• Assignment: Look at the data below and print exactly the lines from its first line through the line with "1st 2nd Grade"; the pictures stay out of the copy.

+ + + +

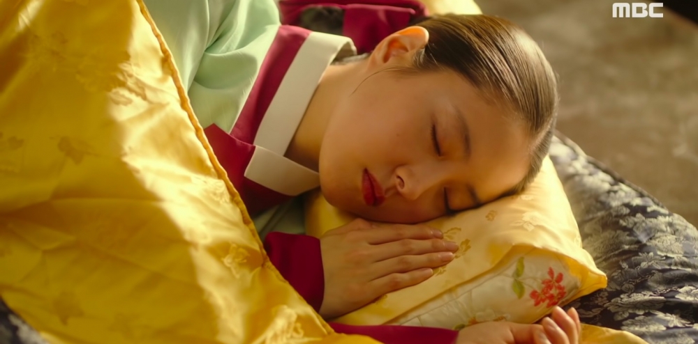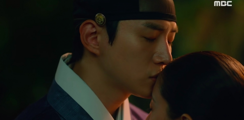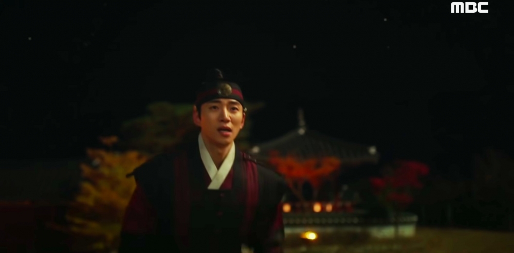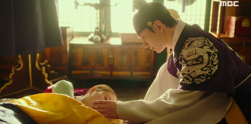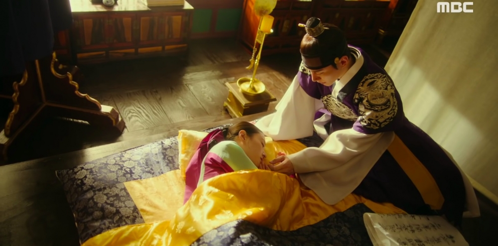 因為皇帝精神狀態不佳,便讓李祘代替自己出宮巡視先王們的陵墓。然而因為設備老舊的別宮暖爐故障,徐尚宮便讓德任去躺李祘的床、幫忙暖被,沒想到德任卻不小心睡著了XD 回到房間的李祘發現德任後並沒有叫醒她,而是情不自禁地伸手想撫摸她的臉,卻又不敢真的碰觸到她。李祘只是輕聲喃喃:「妳膽子真大啊,都不怕我對妳做什麼嗎...」
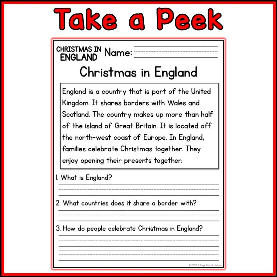 1st 2nd Grade Reading Comprehension Christmas In England Passages U0026 Questions Classroom Homeschool No Prep Printable Holidays Etsy UK
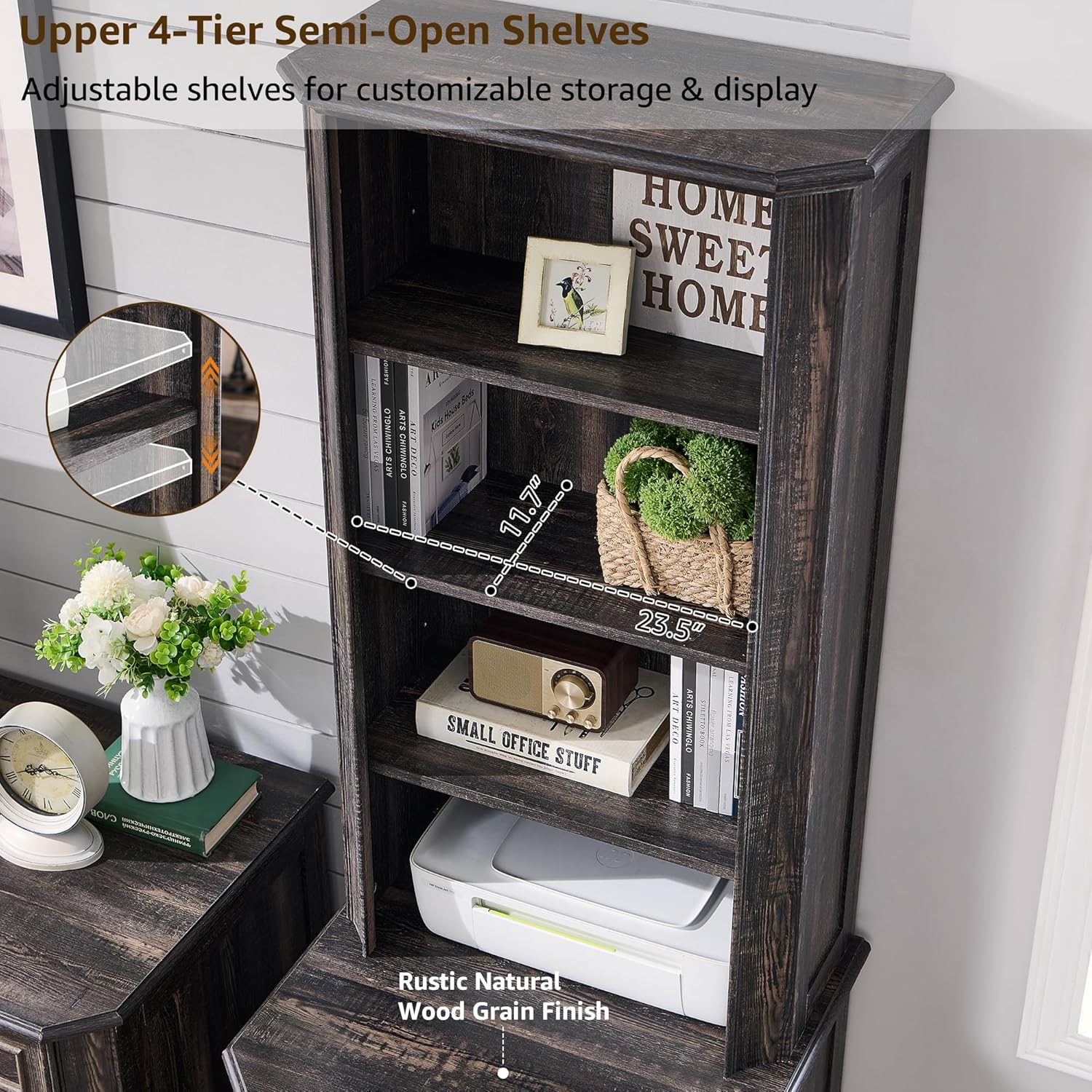 - Multipurpose Storage for Any Room: More than just a book shelf with storage, this versatile unit functions as a file cabinet, display case, or storage organizer. Use it in an office for documents, in a living room for dΓ©cor, in a kitchen for cookware, or even in a classroom or library as a dedicated book corner. The timeless farmhouse style seamlessly complements any setting
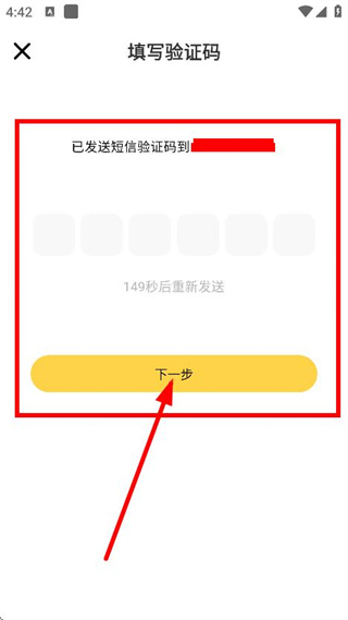 4、在填寫驗(yàn)證碼頁面,輸入收到的驗(yàn)證碼后,點(diǎn)擊下一步,完成注冊流程。
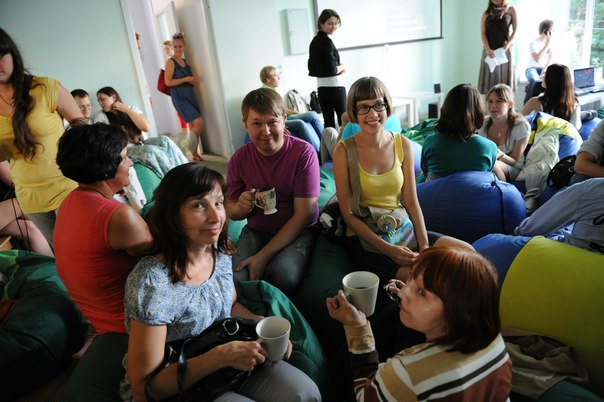 Dum la te-kafa pauzo en la klubejo "Komunikator"
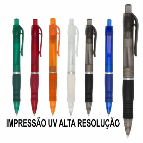 Caneta plástica com detalhe emborrachado, carga esferográfica azul e acionamento por clique.
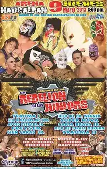 Professional wrestling has been a generational tradition in Lucha libre since its inception early in the 20th century, with a great deal of second or third-generation wrestlers following in the footsteps of their fathers or mothers.[3] Several lucha libre promotions honor those traditions, often with annual tournaments such as Consejo Mundial de Lucha Libre's La Copa Junior.[4] The Naucalpan, State of Mexico based International Wrestling Revolution Group (IWRG) created the IWRG Junior de Juniors Championship in 2011, a championship where only second or third-generation wrestlers are allowed to challenge for it. In addition to legitimate second-generation wrestlers there are a number of wrestlers who are presented as second or third-generation wrestlers, normally masked wrestlers promoted as "Juniors". These wrestlers normally pay a royalty or fee for the use of the name, using the name of an established star to get attention from fans and promoters.[3] Examples of such instances of fictional family relationships include Arturo Beristain, also known as El Hijo del Gladiador ("The Son of El Gladiador) who was not related to the original El Gladiador, or El Hijo de Cien Caras who paid Cien Caras for the rights to use the name.[5][6] Weeks after the creation of the Junior de Juniors Championship IWRG held their first IWRG Rebelión de los Juniors show with the centerpiece of the show being the Junior de Juniors Championship. The Rebelión de los Juniors shows, as well as the majority of the IWRG shows in general, are held in "Arena Naucalpan", owned by the promoters of IWRG and their main arena. The 2013 show was the third year in a row that IWRG used the Rebelión de los Juniors name for a show
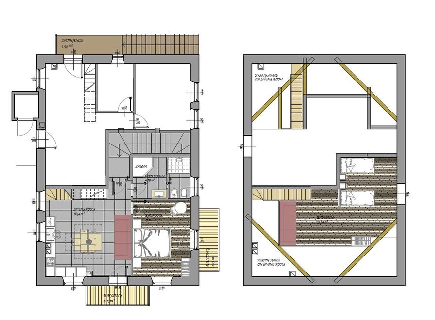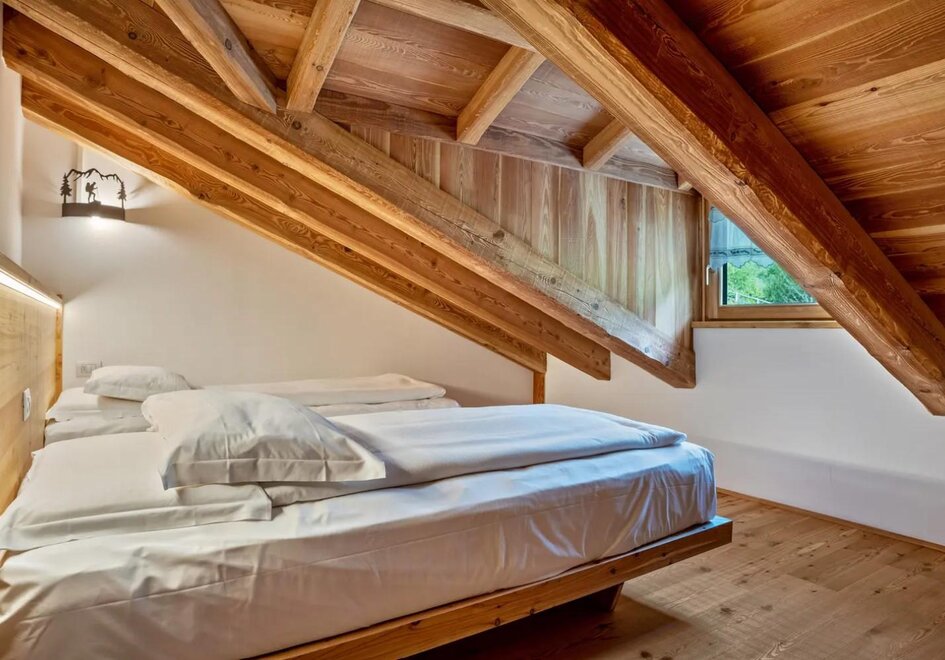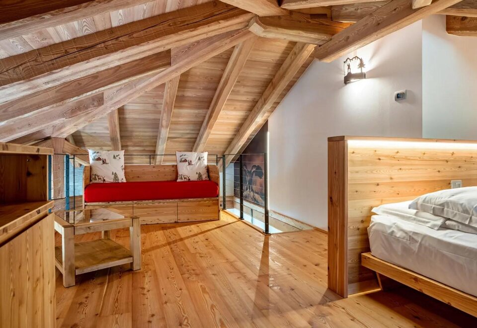Мансарда находится на третьем этаже здания. Она имеет просторную гостиную с видом на деревню Сан-Бернардо и реку Валорц, спальню, ванную комнату и антресоль, которая используется как комната и зона отдыха с диваном-кроватью. В предбаннике имеется частная сауна для эксклюзивного пользования.

+ + + +

• Solution for this exercise:
 因為皇帝精神狀態不佳,便讓李祘代替自己出宮巡視先王們的陵墓。然而因為設備老舊的別宮暖爐故障,徐尚宮便讓德任去躺李祘的床、幫忙暖被,沒想到德任卻不小心睡著了XD 回到房間的李祘發現德任後並沒有叫醒她,而是情不自禁地伸手想撫摸她的臉,卻又不敢真的碰觸到她。李祘只是輕聲喃喃:「妳膽子真大啊,都不怕我對妳做什麼嗎...」
 1st 2nd Grade Reading Comprehension Christmas In England Passages U0026 Questions Classroom Homeschool No Prep Printable Holidays Etsy UK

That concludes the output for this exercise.